On s’est alors demandé quel type de joueurs nous manquait. Et on a appelé de nouveaux éléments, notamment un joueur de 17 ans, Jewison Bennette, qui n’avait pas encore disputé un match en professionnel.

Concrètement, qu’avez-vous changé ? Il faut rappeler le contexte : avant que je n’arrive, cela faisait deux ans que la sélection ne gagnait pas un match international. On a joué presque immédiatement la Gold Cup, et même si on a gagné des matchs, on s’est rendu compte qu’il y avait encore beaucoup de choses à améliorer. On s’est alors demandé quel type de joueurs nous manquait. Et on a appelé de nouveaux éléments, notamment un joueur de 17 ans (Jewison Bennette) qui n’avait pas encore disputé un match en professionnel, et qui maintenant évolue en Angleterre (Sunderland). Et puis, on a sélectionné trois ou quatre de ses coéquipiers des moins de 20 ans, qui ne jouaient pas dans les meilleurs clubs du pays. Cela nous a conduits à nous passer d’autres joueurs qui étaient souvent appelés. Mais on s’est aussi reposé sur des éléments d’expérience pour les encadrer, comme Bryan Ruiz ou Keylor Navas. Ils nous ont aidés à les emmener à bon port. On a rapidement senti une union au sein de ce groupe. On a pris des décisions courageuses, audacieuses.

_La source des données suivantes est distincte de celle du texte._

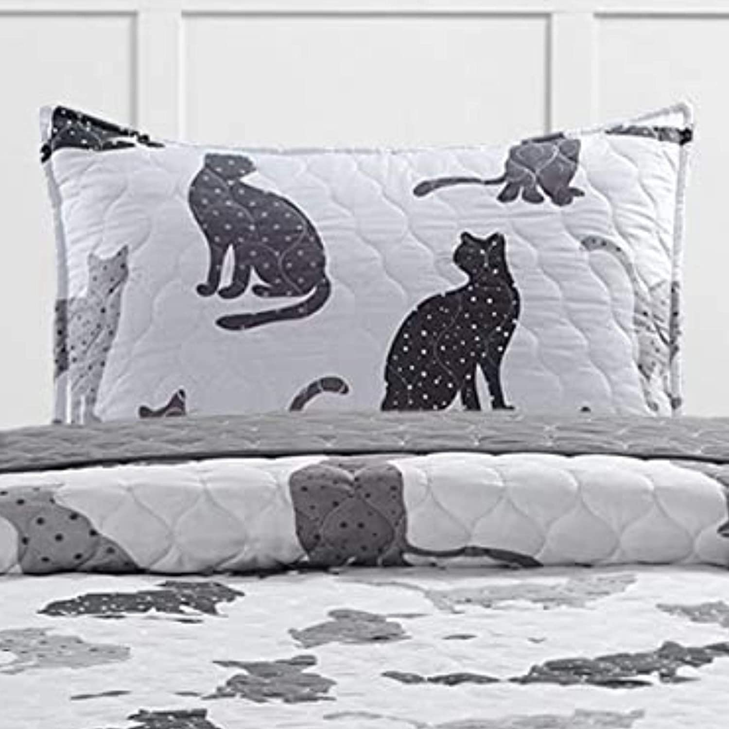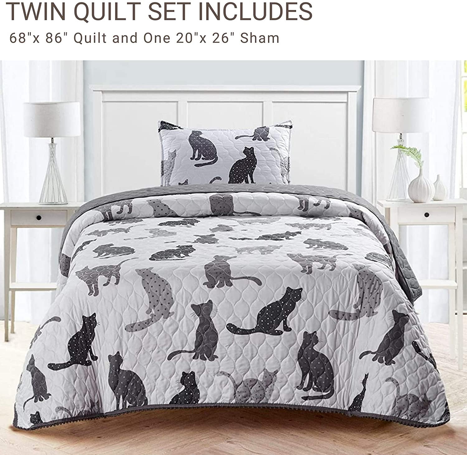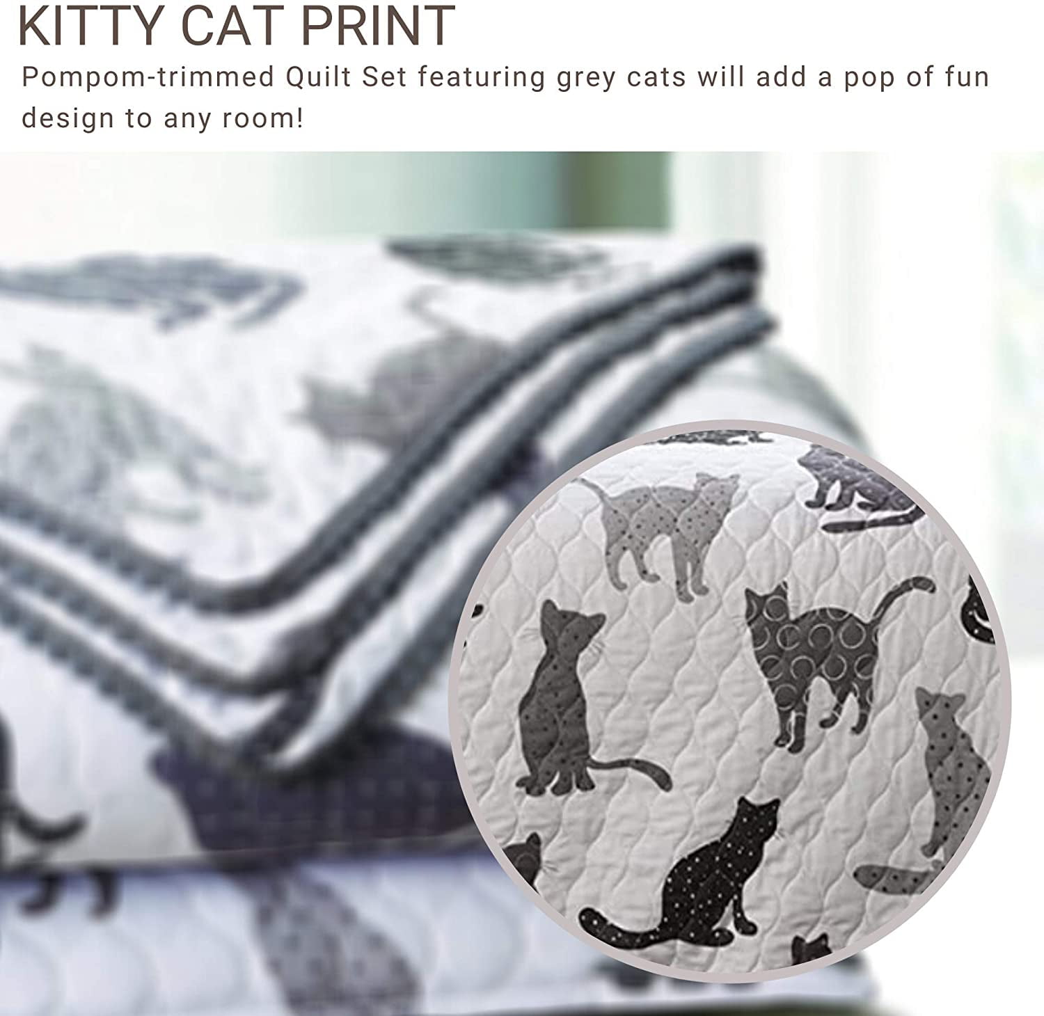 Sleeping Partners 2 Piece Set, Grey Kitty Cat Quilt Set with Pom Poms, Grey, Cats, Twin

Vous avez aussi réalisé des microcycles d’entraînement avec les joueurs du championnat local…Je suis très reconnaissant envers la Ligue, car ils ont accepté de mettre des joueurs à disposition pendant des périodes de sept à quinze jours. Avant les matchs éliminatoires, ils libéraient aussi les joueurs plus tôt, et avant le barrage contre la Nouvelle-Zélande, on a disposé d’un mois pour se préparer. Ces microcycles m’ont permis de mieux connaître mes joueurs, de mieux comprendre qui ils étaient.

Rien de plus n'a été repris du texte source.